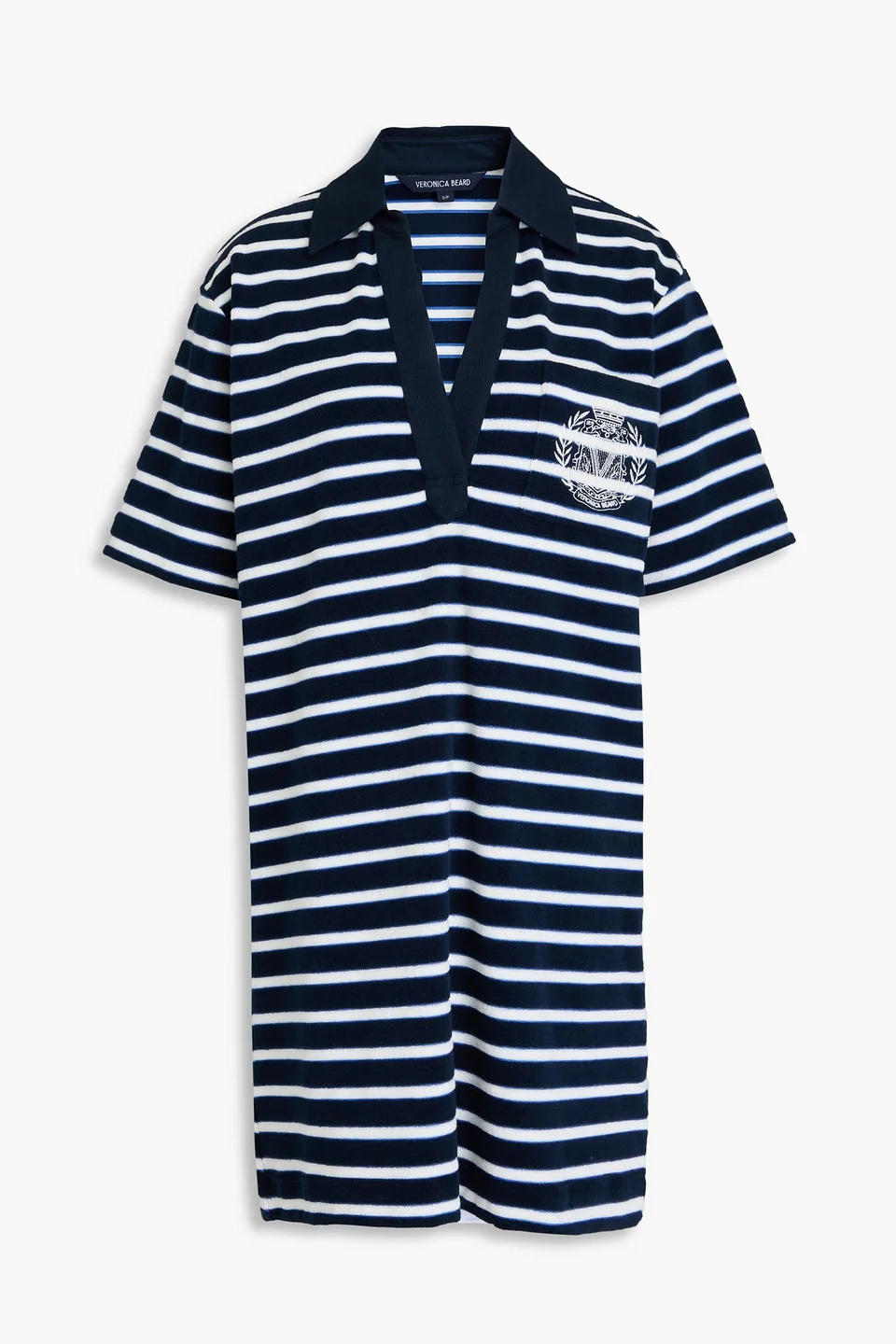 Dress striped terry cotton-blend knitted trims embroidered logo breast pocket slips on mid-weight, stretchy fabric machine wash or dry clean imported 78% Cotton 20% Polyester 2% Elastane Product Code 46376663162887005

...

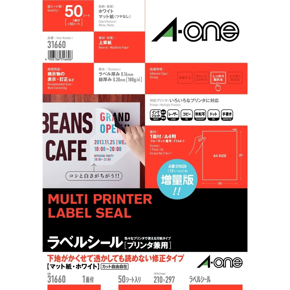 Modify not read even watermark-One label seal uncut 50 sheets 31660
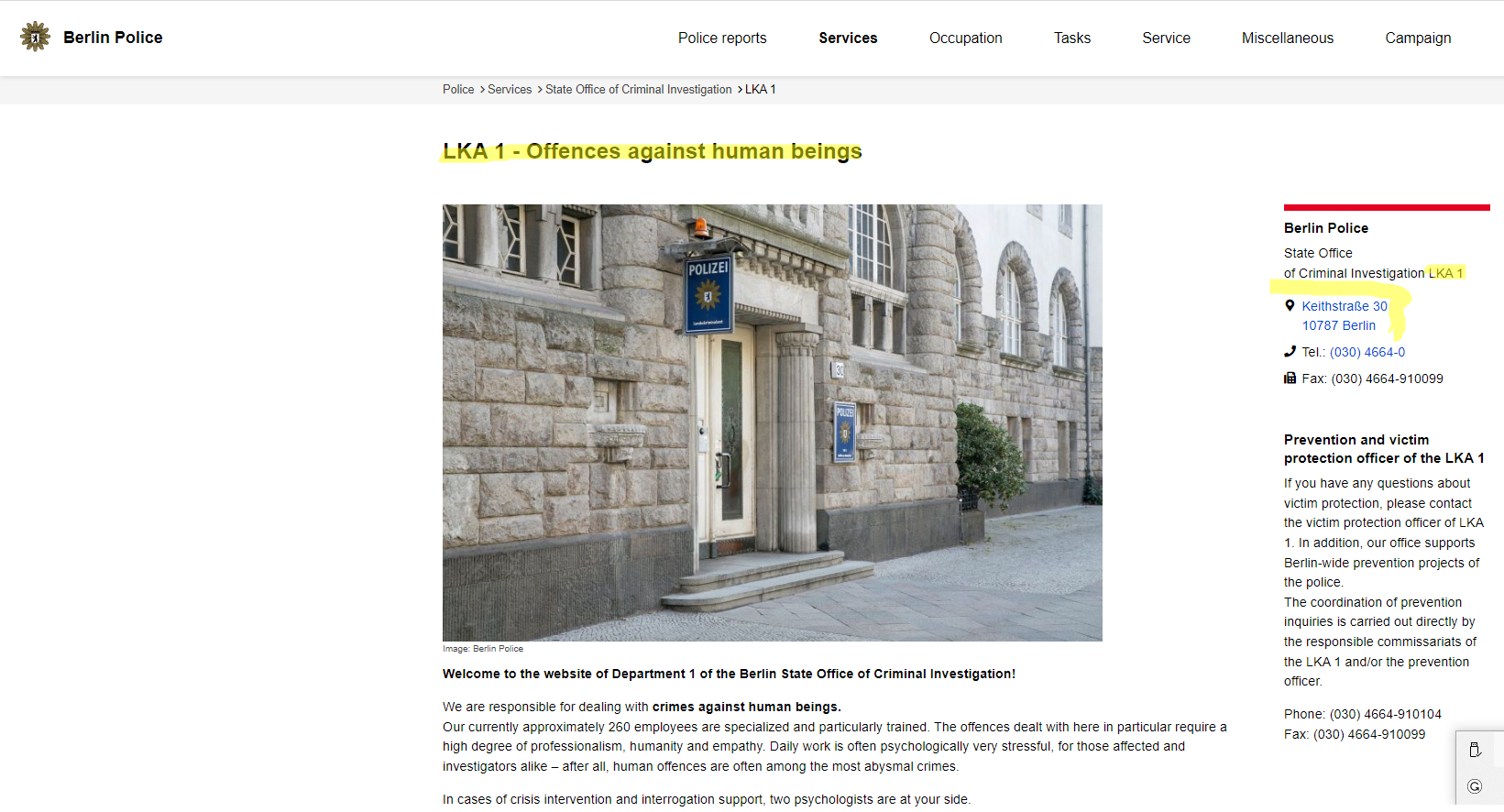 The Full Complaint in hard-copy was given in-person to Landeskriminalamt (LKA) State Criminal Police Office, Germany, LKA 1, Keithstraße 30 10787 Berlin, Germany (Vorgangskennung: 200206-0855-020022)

* * *

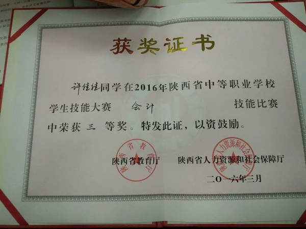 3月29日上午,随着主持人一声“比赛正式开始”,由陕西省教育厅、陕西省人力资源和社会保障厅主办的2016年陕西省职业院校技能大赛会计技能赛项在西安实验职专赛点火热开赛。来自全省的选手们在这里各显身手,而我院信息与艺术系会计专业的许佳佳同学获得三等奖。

■ **EXERCISE INSTRUCTIONS**
Write out the lines above from the one with "Modify not read" through the one with "The Full Complaint", ends included, exactly; no picture goes in.

■ **ANSWER AREA**
 Modify not read even watermark-One label seal uncut 50 sheets 31660
 The Full Complaint in hard-copy was given in-person to Landeskriminalamt (LKA) State Criminal Police Office, Germany, LKA 1, Keithstraße 30 10787 Berlin, Germany (Vorgangskennung: 200206-0855-020022)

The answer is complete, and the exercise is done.